Recurrent chromosomal translocations are hallmarks of many hematopoietic cancers and solid tumors. Identification of the mechanistic factors that predispose to chromosomal translocations will provide important insights into cancer etiology as well as the prevention and therapy of cancers. Our previous works have demonstrated that formation of DNA double strand breaks (DSBs) and spatial organization of genome are critical for translocation initiation genome wide. However, much less is known about the mechanisms that lead to genome wide DSBs and subsequent processes that influence the probability of joining pairs of DSBs to form translocations. More importantly how those mechanistic factors contribute to cancer, especially in human patients, has not been carefully studied. We propose to employ and extend our high throughput genomic translocation sequencing (HTGTS) approach to characterize the potential and novel mechanistic factors. In addition, we will employ various genomic approaches to dissect the molecular mechanisms that lead to genomic instability during cancer initiation and development.
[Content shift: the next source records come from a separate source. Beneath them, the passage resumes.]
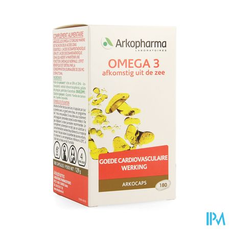 Arkocaps Omega 3 Uit De Zee 180 is een voedingssupplement, verkrijgbaar in uw buurtapotheek of online apotheek. Neem niet meer dan de aanbevolen dagelijkse dosis vermeld op de verpakking. Het vervangt geen gezonde levensstijl en gevarieerde en evenwichtige voeding. Vraag raad aan uw apotheker. Het product altijd buiten het bereik van kinderen houden.
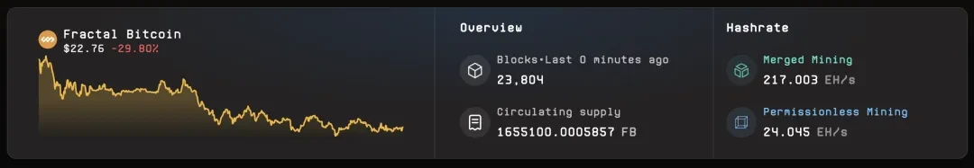 Fractal Bitcoin 价格及算力一览,来源:UniSat Explorer, 2024 年 9 月 16 日
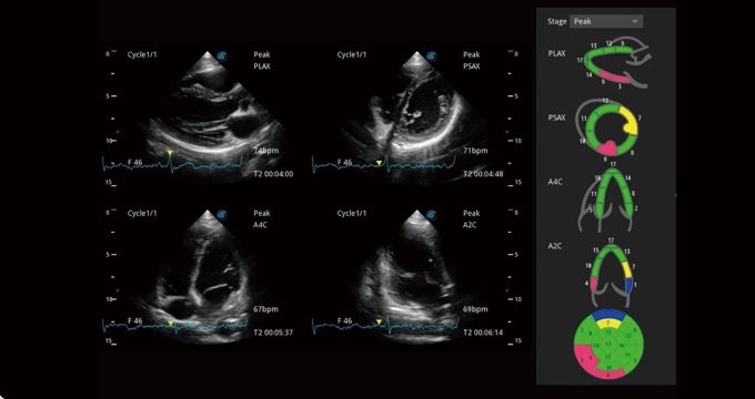 Eine unkomplizierte Vorlage für Kliniker, die mehrere dynamische Bilder in Ruhe und nach Belastung aufnehmen und nebeneinander vergleichen können. Für eine weitergehende effektive Abklärung der Vitalität des Herzmuskels werden professionelle Scores und Berichte zur Wandbewegung bereitgestellt.
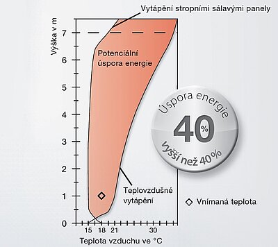 Při vytápění stropními sálavými panely je teplota vzduchu v místnosti nižší než v případě konvekčního teplovzdušného systému vytápění, ale vnímaná teplota je stejná.
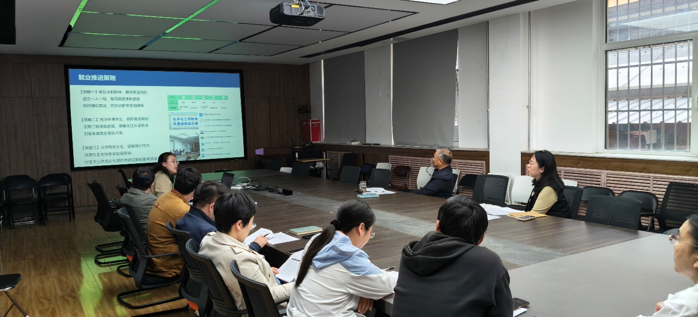 会上,两位毕业生辅导员分别就2026届毕业生就业进展情况进行了详细汇报。本科生辅导员孟丽汇报了学院考研录取和调剂的具体情况,各专业就业进度;研究生辅导员史氾平分学科汇报了研究生毕业生就业工作的阶段性进展、目前存在的主要问题及下一步工作计划等方面,通过详实的数据分析,全面展示了当前就业工作的推进情况。
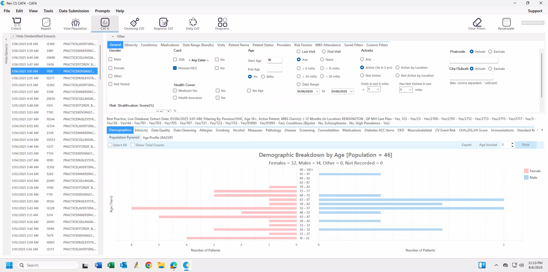 PenCS was used to identify patients with recorded mental health conditions, whether the condition was high- or low- prevalence, concession card status, patient ‘activity’, MBS item numbers billed (mental health care plans, other mental health items or chronic disease management plans) and site of attendance. The Electronic Health Record (EHR) used was Best Practice, the data extract was done on 1st May 2025, a separate extract for each of five clinic sites (Kensington, Paisley Street, Laverton, Fitzroy and Collingwood). The period of interest is the one year from 1st May 2024 to 30th April 2025.
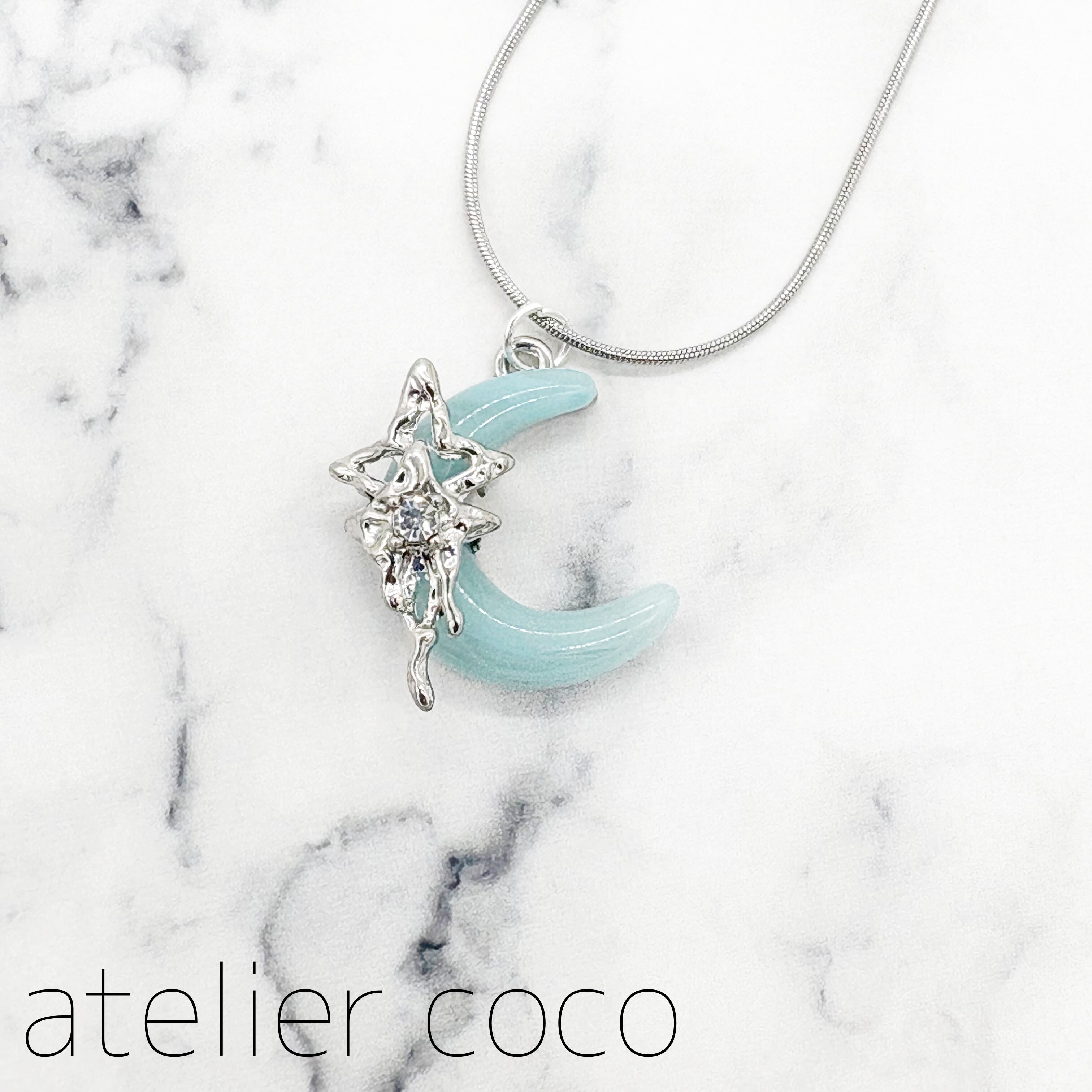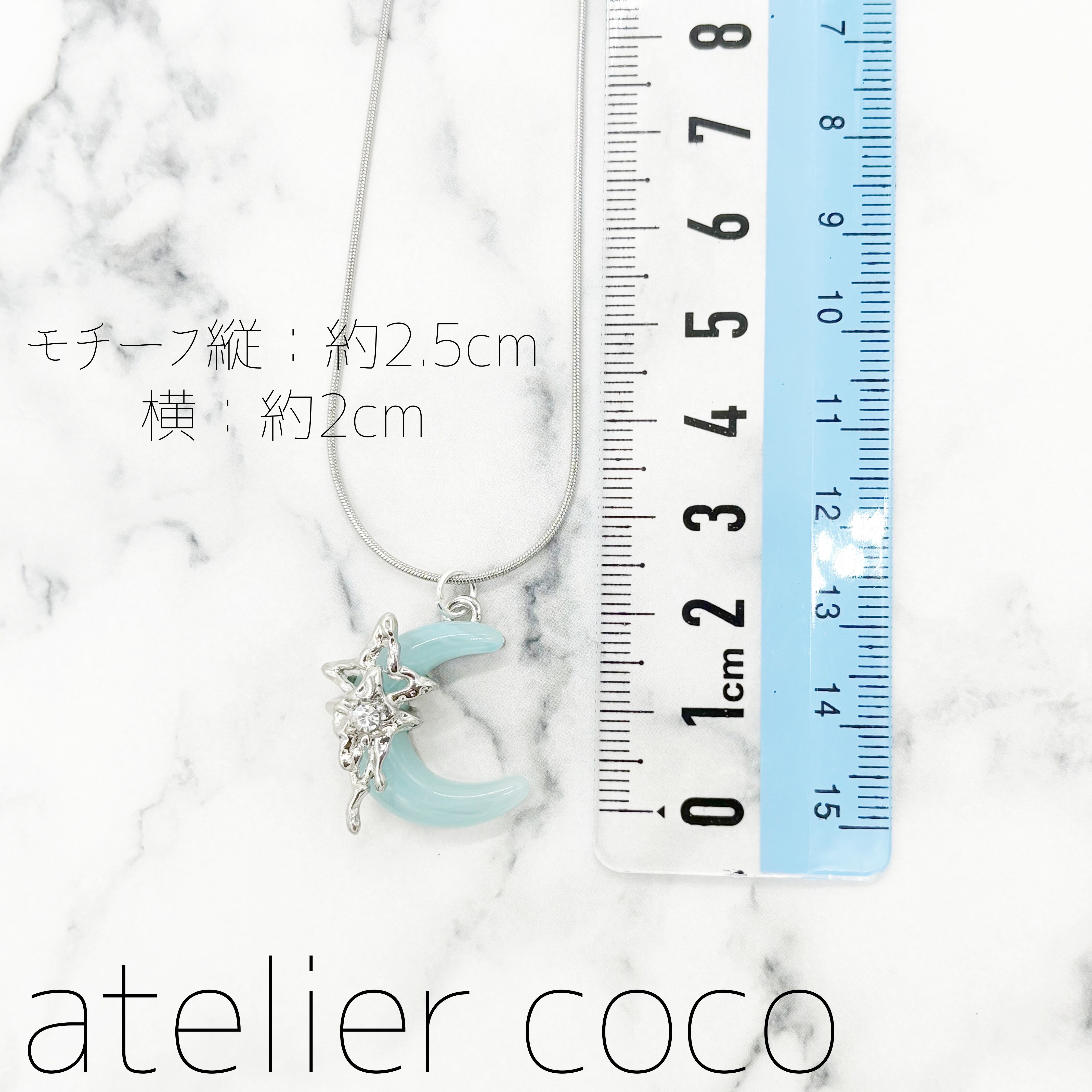 三日月のモチーフが存在感を放つ可愛らしいネックレスです。

Finally, we will extend the mechanistic studies to human cells and in vivo animal models.
· Understand how genome wide DSBs predisposed to chromosomal translocations are generated;
· Reveal the causal roles of mechanistic factors in regulating chromosomal translocations;
· Target the end-joining activities which mediate chromosomal translocations;
· Investigate the roles of mechanistic factors in human cancer development.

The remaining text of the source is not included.